[Work to be completed] Exact copy, no pictures: set down the lines from the one holding "홍주고등학교(교장 이상헌)의 자율동아리" through the final line of the records below.
-- Data in this exercise follows --
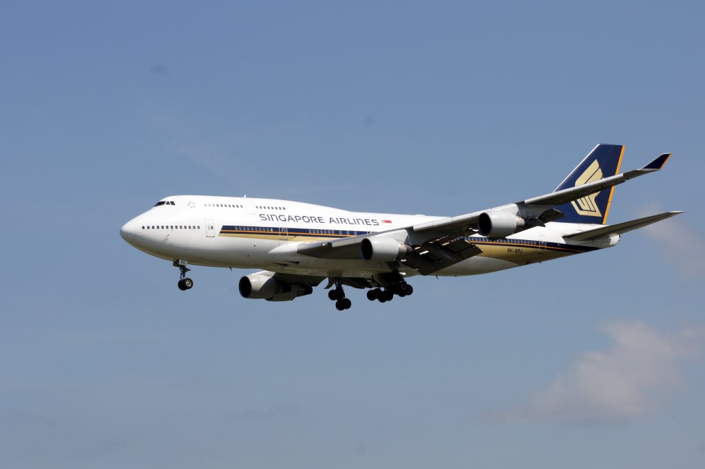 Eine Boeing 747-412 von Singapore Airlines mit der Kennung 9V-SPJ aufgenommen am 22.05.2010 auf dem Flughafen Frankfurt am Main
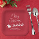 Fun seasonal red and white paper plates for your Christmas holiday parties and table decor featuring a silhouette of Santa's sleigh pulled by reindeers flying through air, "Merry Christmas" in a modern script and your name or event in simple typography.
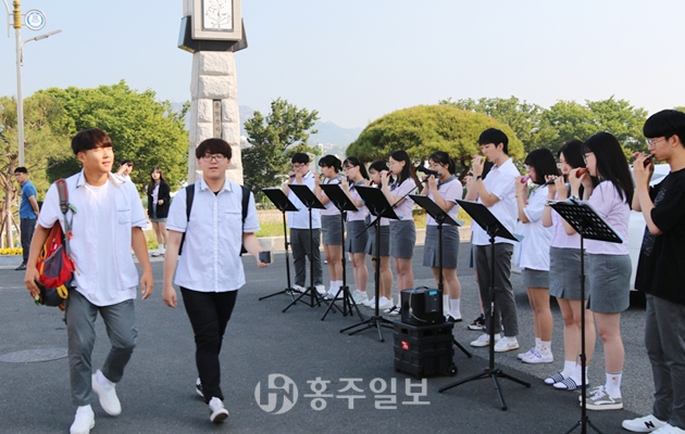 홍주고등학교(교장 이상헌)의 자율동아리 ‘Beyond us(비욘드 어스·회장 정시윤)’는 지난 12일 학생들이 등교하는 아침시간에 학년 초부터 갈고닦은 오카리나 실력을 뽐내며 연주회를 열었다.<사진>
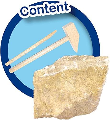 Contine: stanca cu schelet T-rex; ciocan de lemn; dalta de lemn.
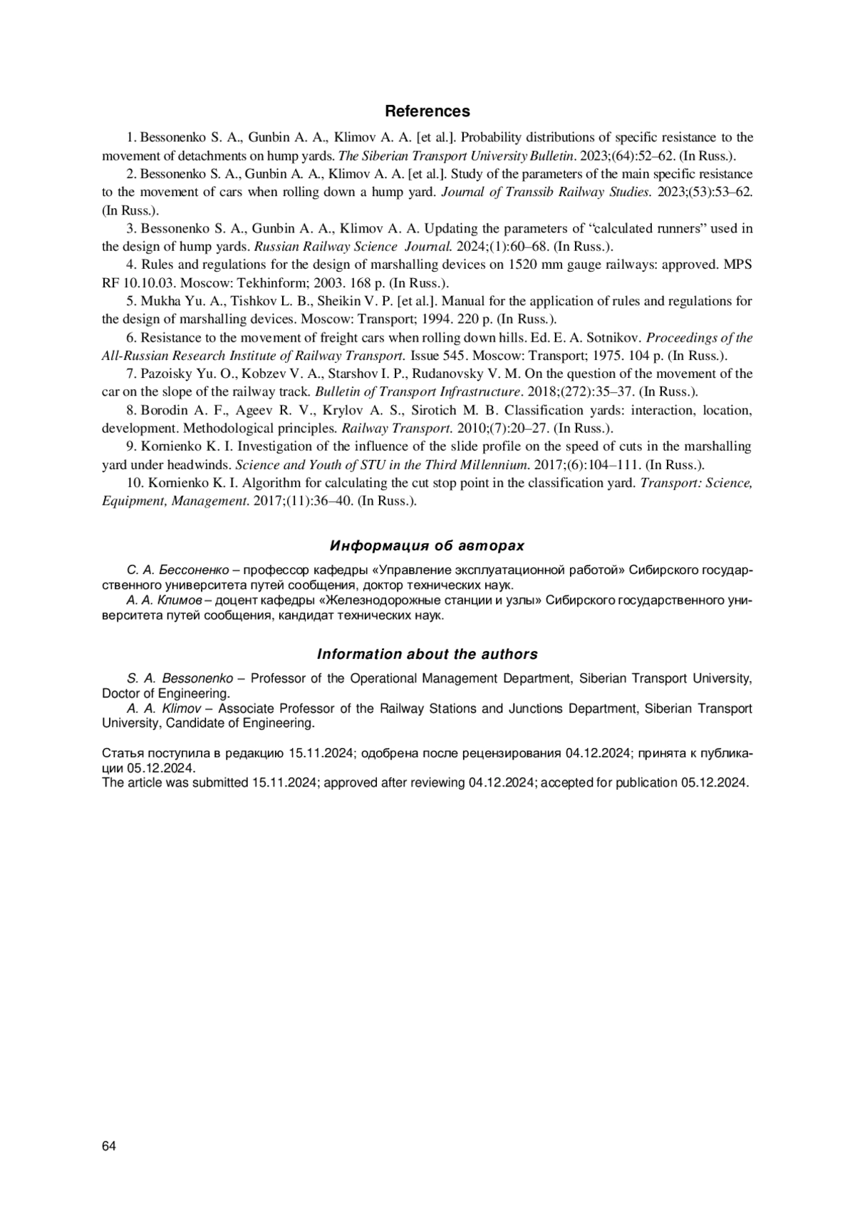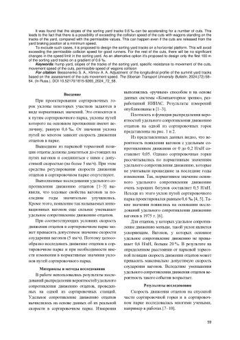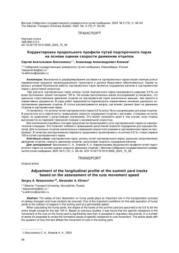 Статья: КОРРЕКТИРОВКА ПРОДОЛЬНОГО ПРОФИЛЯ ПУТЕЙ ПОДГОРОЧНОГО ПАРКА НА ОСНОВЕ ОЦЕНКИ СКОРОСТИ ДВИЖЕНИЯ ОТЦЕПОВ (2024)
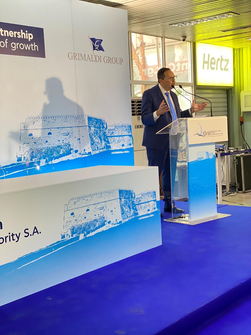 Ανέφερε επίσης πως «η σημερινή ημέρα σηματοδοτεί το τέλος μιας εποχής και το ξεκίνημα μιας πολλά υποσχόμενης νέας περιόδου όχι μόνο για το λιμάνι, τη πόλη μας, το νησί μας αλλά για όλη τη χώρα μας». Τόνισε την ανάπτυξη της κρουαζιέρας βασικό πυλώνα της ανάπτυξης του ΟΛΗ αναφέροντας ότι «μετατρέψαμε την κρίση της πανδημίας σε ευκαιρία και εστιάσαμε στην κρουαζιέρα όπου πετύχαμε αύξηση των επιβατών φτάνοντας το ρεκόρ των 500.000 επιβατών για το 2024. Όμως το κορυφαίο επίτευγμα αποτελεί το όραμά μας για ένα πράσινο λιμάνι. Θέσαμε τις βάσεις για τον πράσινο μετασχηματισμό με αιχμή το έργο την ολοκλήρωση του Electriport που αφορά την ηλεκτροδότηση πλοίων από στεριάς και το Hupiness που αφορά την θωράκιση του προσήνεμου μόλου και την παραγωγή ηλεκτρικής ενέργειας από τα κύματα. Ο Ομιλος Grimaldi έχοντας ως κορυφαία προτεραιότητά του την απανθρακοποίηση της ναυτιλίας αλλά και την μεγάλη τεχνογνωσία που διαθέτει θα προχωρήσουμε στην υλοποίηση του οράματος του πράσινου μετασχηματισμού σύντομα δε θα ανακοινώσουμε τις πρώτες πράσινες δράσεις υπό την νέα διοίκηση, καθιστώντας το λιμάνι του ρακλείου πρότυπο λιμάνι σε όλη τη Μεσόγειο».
-- Data in this exercise concluded --
[Result]
 홍주고등학교(교장 이상헌)의 자율동아리 ‘Beyond us(비욘드 어스·회장 정시윤)’는 지난 12일 학생들이 등교하는 아침시간에 학년 초부터 갈고닦은 오카리나 실력을 뽐내며 연주회를 열었다.<사진>
 Contine: stanca cu schelet T-rex; ciocan de lemn; dalta de lemn.
 Статья: КОРРЕКТИРОВКА ПРОДОЛЬНОГО ПРОФИЛЯ ПУТЕЙ ПОДГОРОЧНОГО ПАРКА НА ОСНОВЕ ОЦЕНКИ СКОРОСТИ ДВИЖЕНИЯ ОТЦЕПОВ (2024)
 Ανέφερε επίσης πως «η σημερινή ημέρα σηματοδοτεί το τέλος μιας εποχής και το ξεκίνημα μιας πολλά υποσχόμενης νέας περιόδου όχι μόνο για το λιμάνι, τη πόλη μας, το νησί μας αλλά για όλη τη χώρα μας». Τόνισε την ανάπτυξη της κρουαζιέρας βασικό πυλώνα της ανάπτυξης του ΟΛΗ αναφέροντας ότι «μετατρέψαμε την κρίση της πανδημίας σε ευκαιρία και εστιάσαμε στην κρουαζιέρα όπου πετύχαμε αύξηση των επιβατών φτάνοντας το ρεκόρ των 500.000 επιβατών για το 2024. Όμως το κορυφαίο επίτευγμα αποτελεί το όραμά μας για ένα πράσινο λιμάνι. Θέσαμε τις βάσεις για τον πράσινο μετασχηματισμό με αιχμή το έργο την ολοκλήρωση του Electriport που αφορά την ηλεκτροδότηση πλοίων από στεριάς και το Hupiness που αφορά την θωράκιση του προσήνεμου μόλου και την παραγωγή ηλεκτρικής ενέργειας από τα κύματα. Ο Ομιλος Grimaldi έχοντας ως κορυφαία προτεραιότητά του την απανθρακοποίηση της ναυτιλίας αλλά και την μεγάλη τεχνογνωσία που διαθέτει θα προχωρήσουμε στην υλοποίηση του οράματος του πράσινου μετασχηματισμού σύντομα δε θα ανακοινώσουμε τις πρώτες πράσινες δράσεις υπό την νέα διοίκηση, καθιστώντας το λιμάνι του ρακλείου πρότυπο λιμάνι σε όλη τη Μεσόγειο».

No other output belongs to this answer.